Pharmacy

NCPA Congressional Fly In 2019 Legislative Priorities

What did we spend the week in DC advocating for? Some of the most important issues facing our profession currently! NCPA currently represents the interests of 22,000 pharmacists across the country, and exponentially more patients whose best interests are in mind when creating legislative priorities. The 2 days on Capitol Hill advocated for the following:

  1. S 988/HR 803: Improving Transparency and Accuracy in Medicare Part D Spending Act. This piece of legislation currently has 1 senate and 9 House cosponsors and would prohibit retroactive DIR fees for Medicare Part D plans. DIR fees are direct and indirect renumeration fees. After a claim for a prescription is submitted by a pharmacy to the PBM (pharmacy benefit manager) that processes it for the insurance provider, we are given a rate of reimbursement almost immediately which allows us to go ahead and charge the patient a copay and dispense the medication. However, anywhere from 3-6 months later, the pharmacy’s bank account suddenly is hit with DIR fees, taken with no warning and no explanation by the PBM. In many cases, the pharmacy now has actually lost money on the claim, or at the very least sees a gross profit margin much lower than expected. But this money taken back by the PBM does not go to the patient as a reimbursement for their copay or premium payments. The money goes directly into the pockets of the PBM, which is why you now see ALL the top 3 PBMs (CVS/Caremark, Optum Rx, and Express Scripts) in the top 15 of the Fortune 500 list. Not only are the patients being overcharged for their prescriptions, but pharmacies are losing thousands of dollars each year. The average annual total of DIR fees is somewhere between $80-100,000, with many pharmacies seeing much higher. This is driving many of the independent pharmacies out of business, therefore plunging their communities into far worse health statuses. This law would not allow PBMs to take these fees months later, and instead require any fees be taken at the point of sale, therefore allowing the patient to experience a lower copay, and pharmacies be able to budget more effectively.

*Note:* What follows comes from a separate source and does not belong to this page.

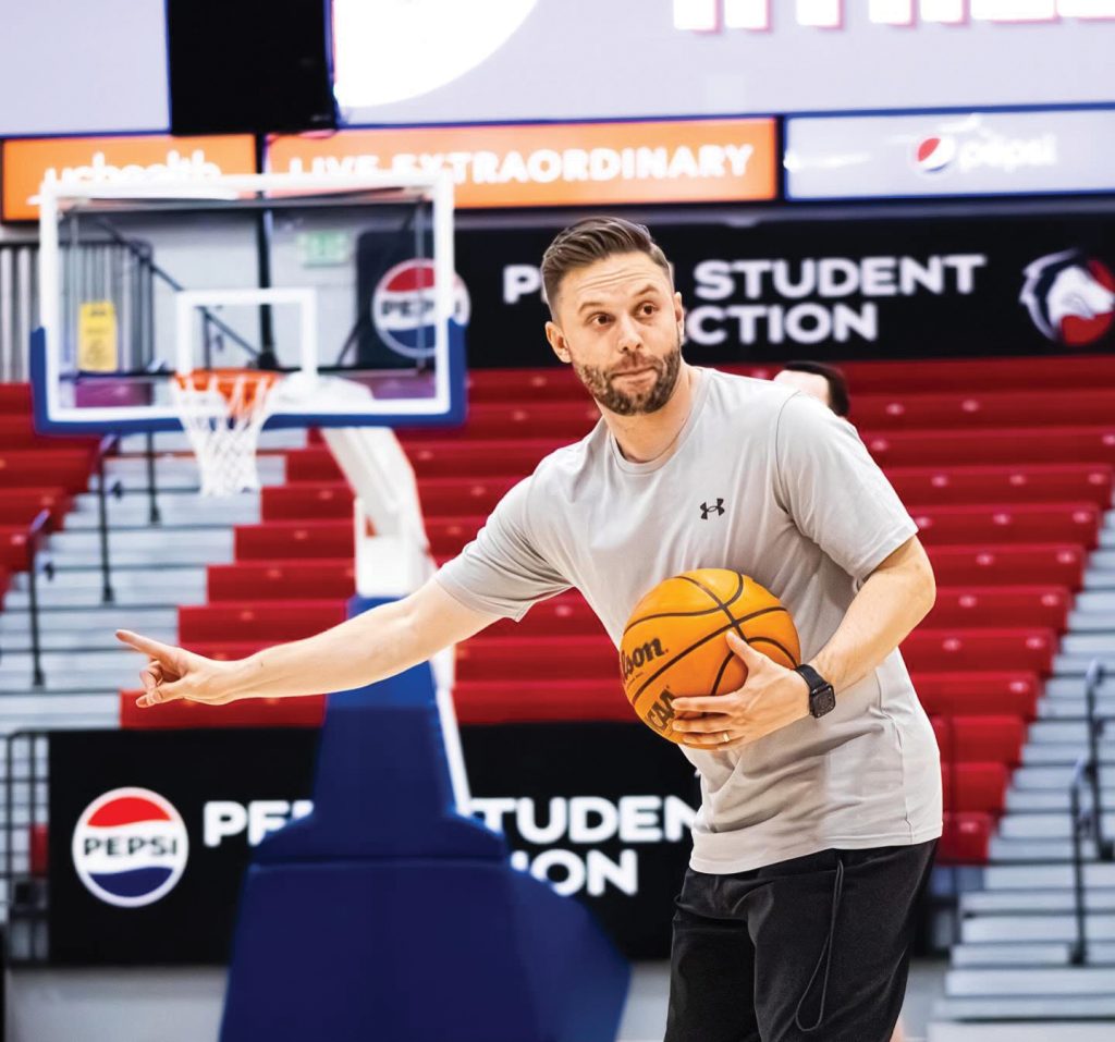 Zach Ruebesam demonstrates a drill to his team at CSU-Pueblo. Ruebesam’s been a college basketball coach since 2016. (Courtesy photo)

  2. HR 1035: Prescription Drug Price Transparency Act. This currently has 23 cosponsors and would require PBMs to be transparent about the maximum allowable cost (which translates to the amount they reimburse pharmacies for dispensing a drug) that they utilize for each plan and pharmacy. They currently reimburse different rates to different pharmacies and for specific medications made by manufacturers that offer them rebates. It would also outlaw PBM steering (a bill that was recently passed in Georgia), a practice in which a PBM like CVS/Caremark requires that beneficiaries go to a pharmacy that they own (CVS). This is a monopoly and takes away the patients’ ability to choose their location and level of care.

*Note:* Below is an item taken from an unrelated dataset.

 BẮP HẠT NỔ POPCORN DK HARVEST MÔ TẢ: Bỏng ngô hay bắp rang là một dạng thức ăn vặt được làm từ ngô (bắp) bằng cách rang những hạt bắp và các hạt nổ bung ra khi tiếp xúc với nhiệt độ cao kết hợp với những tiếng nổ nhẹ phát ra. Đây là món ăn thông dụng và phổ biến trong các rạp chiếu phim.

  3. HR 1959: Preserving Patient Access to Compounded Medications Act. This bill currently has 1 cosponsor and would require that the FDA acts to preserve the ability of patients to receive their compounded medications. This is a particular interest and passion of mine, and I look forward to continuing to advocate for it in May at the IACP Compounders on Capitol Hill event.
  4. Open Medicare Part D Preferred Networks to “Any Willing Pharmacy”. This is not yet a bill, but the idea is that Medicare Part D preferred networks would be open to any pharmacy that was willing to accept the contract terms and conditions would be able to participate. This would be Part D beneficiaries would have access to discounted copays at a pharmacy of their choice rather than only those currently in their exclusive preferred network.
  5. The Congressional Pharmacy Caucus. We urged all legislators to join this caucus (led by Representatives Peter Welch and Buddy Carter) to further their education on issues affecting community pharmacies and patients.